NY原油先物市場は61.80ドル-66.00ドルのレンジ相場となった。先週末まで7営業日続落した後を受け、ドル下落によるドル建て商品の価格押し上げ効果もあって、大幅反発となった。多くの産油国が隣接するアフガニスタンの地政学的緊張が、今後原油の供給に影響を与えるとの懸念もある。だが、この点については依然として中国や他国の景気回復鈍化が需要低迷につながるリスクと、どちらがより市場の動意を促すか見定めている状態にある。アジア市場の序盤で61.80ドルまで下げたが、株高を意識した買いが入り、ニューヨーク市場の中盤にかけて66.00ドルまで買われた。通常取引終了後の時間外取引では65ドル台で推移した。

 

NY金先物市場は大幅続伸:米金利低下とドル安を好感

NY金先物市場は1778.00-1809.10ドルのレンジ相場となった。米長期金利の低下を受けてドル売りが先行し、ドル建て金相場に割安感が生じ、価格を押し上げる圧力となった。金利低下やドル安は、金利が発生せず、ドルなど貨幣の代替資産としての性質も合わせ持つ金の相対的価値を高める要因にもなった。アフガニスタン情勢を受けた地政学的リスクも、安全資産とされる金を買う動きにつながった。アジア市場で1778.00ドルまで売られた後、ニューヨーク市場の序盤にかけて1809.10ドルまで反発した。
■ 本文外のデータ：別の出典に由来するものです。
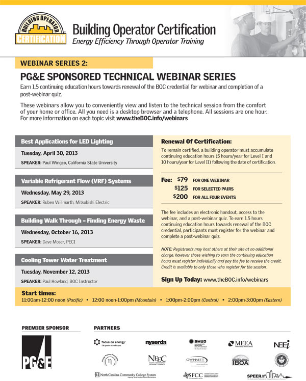 BOC offers live instructional webinars throughout the year to keep you informed on the dynamic field of facilities management. For the first time in 2013, we are offering 2 series and registration for both is open now! Learn practical solutions to deal with the energy hogs in your building from leading industry experts in areas such as demand reduction, lighting, and indoor air quality. Anyone with an interest in the topic is welcome to join and get the in-class BOC experience.

通常取引終了後の時間外取引では清算値を挟んだ水準で推移した。

 

米国債券市場は横ばい:早期テーパリング観測後退で買い戻し

米国債券市場で中長期ゾーンは横ばいだった。米2年物国債利回りは前営業日比変わらず0.22%で終了した。米10年物国債利回りは前営業日比変わらず1.25%で終了した。欧州株やNYダウ先物の上昇を受けて債券売りが先行したものの、新型コロナウイルスのデルタ株感染が世界的に拡大する中、8月米PMI速報値が予想を下回ったことが分かると、早期テーパリング(量的緩和の縮小)観測が後退し、一転買い戻しが優勢となった。